企业级大表关联小表的Shuffle实践

分布式计算系统的精粹在于移动计算而非移动数据，但是在实际的计算过程中，总存在着移动数据的情况。移动数据，将数据从一个节点移动到另一个节点进行计算，不但消耗了网络IO，也消耗了磁盘IO，降低了整个计算的效率。Hadoop的核心思想是MapReduce，但shuffle又是MapReduce的核心。shuffle的主要工作是从Map结束到Reduce开始之间的过程。也是整个计算过程中最影响效率的地方。

在工作过程中，我发现网络上很多文章都讲了shuffle是什么，但是就是不告诉你怎么做，实际的企业级应用中如何使用是最优的。所以我根据实践写了这边文章帮助大家更好的使用spark。

我们使用spark主要有2种方式：

1、spark编程的方式计算，如果有能力，要想写出最高效的代码，编程是最好的。但是这往往是学习代价最高的，而且大企业开发人员非常多，动辄数百号人使用hadoop作为数据仓库，要想每一个人都学会spark是很难的。

2、采用thriftserver暴露JDBC接口的方式就成为了企业的最佳选择，而且很多第三方工具也只能采用jdbc连接。这样就能够极大降低hadoop作为数据仓库的使用门槛和学习成本。

要想知道为什么会产生shuffle，还需要掌握Spark宽依赖与窄依赖：https://www.jianshu.com/p/5c2301dfa360

JOIN的时候必然会出现宽依赖，SparkSQL的3种Join实现：http://www.cnblogs.com/0xcafedaddy/p/7614299.html请自行学习，这方面网上的资料也比较多。本文就是讲jdbc方式下如何避免或减少shuffle和一些网络上很少讲到的点。

我使用的版本是开源的hadoop-3.2.0、spark-2.4.0，为什么一定要说版本，因为各厂商的hadoop版本执行计划和参数都有差异，但是原理都差不多。

实验一：

readingsORC一个大表，device_info（1M数据都不到）是一张小表，spark是通过spark.sql.autoBroadcastJoinThreshold这个变量来设置小表广播的，默认是小于10M就广播。我们首先直接关联看一下：

spark-sql>explain select count(*) from readingsORC inner join device_info ondevice_info.device_id=readingsORC.device_id;

==Physical Plan ==

*(6)HashAggregate(keys=[], functions=[count(1)])

+-Exchange SinglePartition

+- *(5) HashAggregate(keys=[],functions=[partial_count(1)])

+- *(5) Project

+- *(5)SortMergeJoin[device_id#409], [device_id#421], Inner

:- *(2) Sort [device_id#409 ASCNULLS FIRST], false, 0

: +- Exchange hashpartitioning(device_id#409, 200)

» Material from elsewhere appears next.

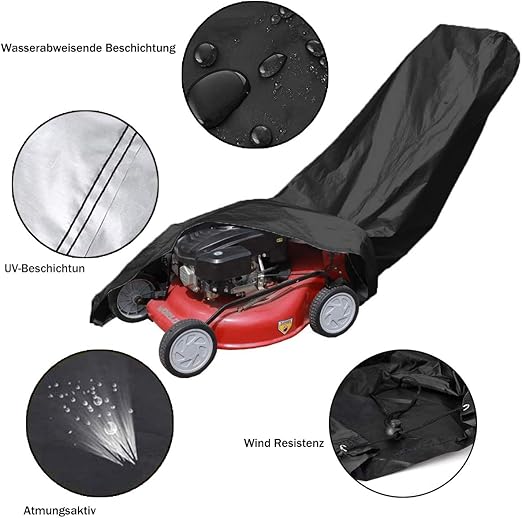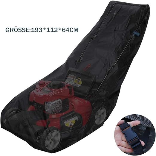Üniversal çim biçme makinesi örtüsü, 193 x 112 x 64 cm, her türlü hava koşuluna uygun çim biçme makinesi kılıfı, ipli ve saklama çantalı

: +- *(1) Project [device_id#409]

: +- *(1) Filter isnotnull(device_id#409)

: +- *(1) FileScan orcdefault.readingsorc[device_id#409] Batched: true, Format: ORC, Location:InMemoryFileIndex[hdfs://master:9000/user/hive/warehouse/readingsorc],PartitionFilters: [], PushedFilters: [IsNotNull(device_id)], ReadSchema:struct

+- *(4) Sort [device_id#421 ASCNULLS FIRST], false, 0

+- Exchangehashpartitioning(device_id#421, 200)

+- *(3) Filterisnotnull(device_id#421)

+- Scan hive default.device_info[device_id#421], HiveTableRelation `default`.`device_info`,org.apache.hadoop.hive.serde2.lazy.LazySimpleSerDe, [device_id#421,api_version#422, manufacturer#423, model#424, os_name#425]

我们发现采用了效率最低的SortMergeJoin，task总数也非常多，必然非常慢，这并不是我们想要的。

第二个实验，我们指定小表MAPJOIN(device_info)：

explainselect/*+ MAPJOIN(device_info) */count(*) from readingsORC inner join device_info ondevice_info.device_id=readingsORC.device_id;

spark-sql>explain select /*+ MAPJOIN(device_info) */ count(*) from readingsORC inner joindevice_info on device_info.device_id=readingsORC.device_id;

==Physical Plan ==

*(3)HashAggregate(keys=[], functions=[count(1)])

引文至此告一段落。